My current assumption is that the database would not change, but if you
needed to add new fields or a new table, that would be OK. (we need to look
at bit more to see if there are other mailman features that might be
integrated with this).  If you do change the database, you need to think
about how to convert all the existing lists (on systers.org)

> Here is a sketch for the timeline:
>  Week 1, 2, 3, 4  [May 21 - June 17] - Read the documentation and the
> code in order to get to know how Mailman works at a deeper level.
>

this seems more than generous to me.  I think a week, maybe 2, if there are
additional MM features that we would want to integrate dlists with.  And
most of this is supposed to happen during the community bonding period.


> Week 5, 6 [June 18 - July 1] - Read the documentation and the code for the
> changes that Systers have made for the dynamic sub-lists.
>

I was assuming this would go on in parallel with the first.  You do realize
that GSOC is like a full time job -- I could read the systers code aloud as
a bedtime story to a child in about 2 hours, and another 30 minutes for the
documentation (which is a sad statement about our documentation)

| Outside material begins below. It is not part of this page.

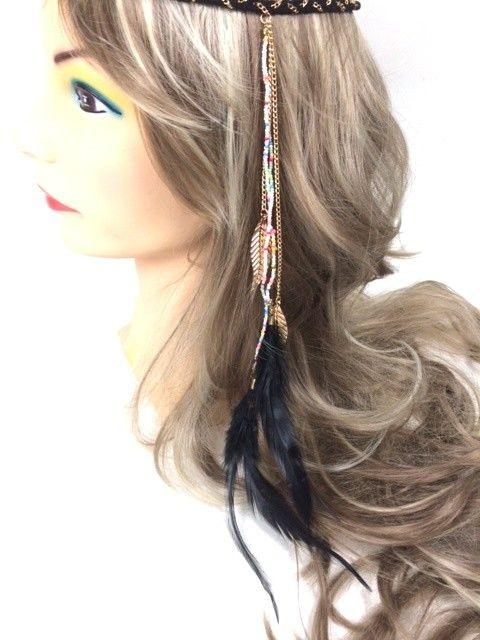 S_600024B - IBIZA LOOK BRAIDED Haarband mit schwarzen Federn (1.)
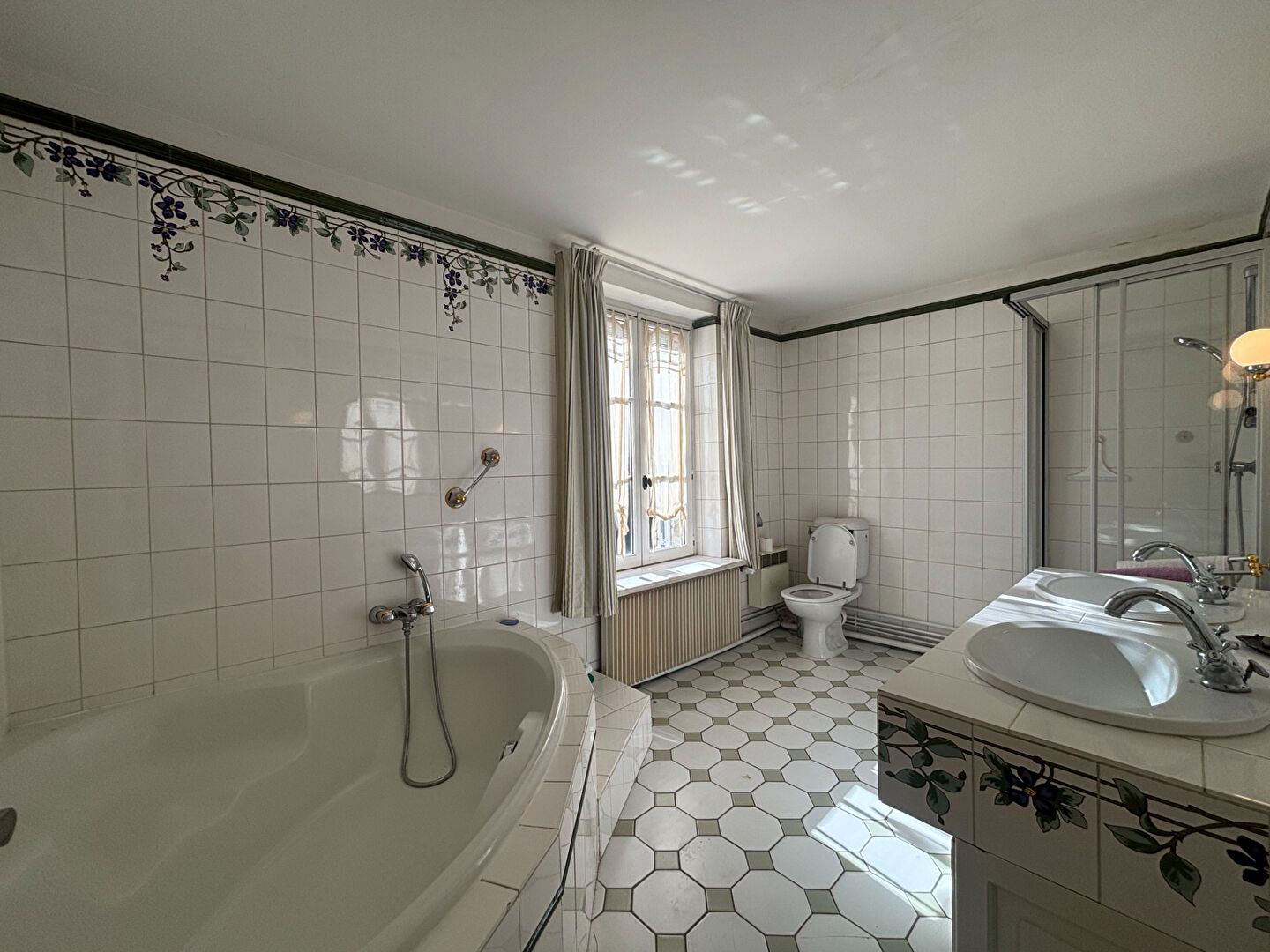 - Au premier étage, un dégagement distribuant cinq chambres, dont une en enfilade ; une salle de bains avec douche, baignoire et WC ; une pièce d'eau avec lavabo.

Week 7 [July 2 - July 8] - Create the design for the changes that have to
> be implemented in the Mailman`s structure in order for the dynamic lists to
> properly work with Mailman 3.0
>

Sounds good.

>  Week 8, 9, 10, 11 [July 9 - August 5] - Implement the changes + submit
> the project for the mid-term evaluation.
>

I believe the mid term evaluation is around July 9.  So you have to have
something more than a design by then.

I don't see any mention of unit tests.  We are going to expect them of
everyone.

I hope that 4 weeks is generous for coding and writing tests; of course, I
don't know your coding skills and neither of us knows exactly what is
involved (I have not read the mailman 3.0 code at all)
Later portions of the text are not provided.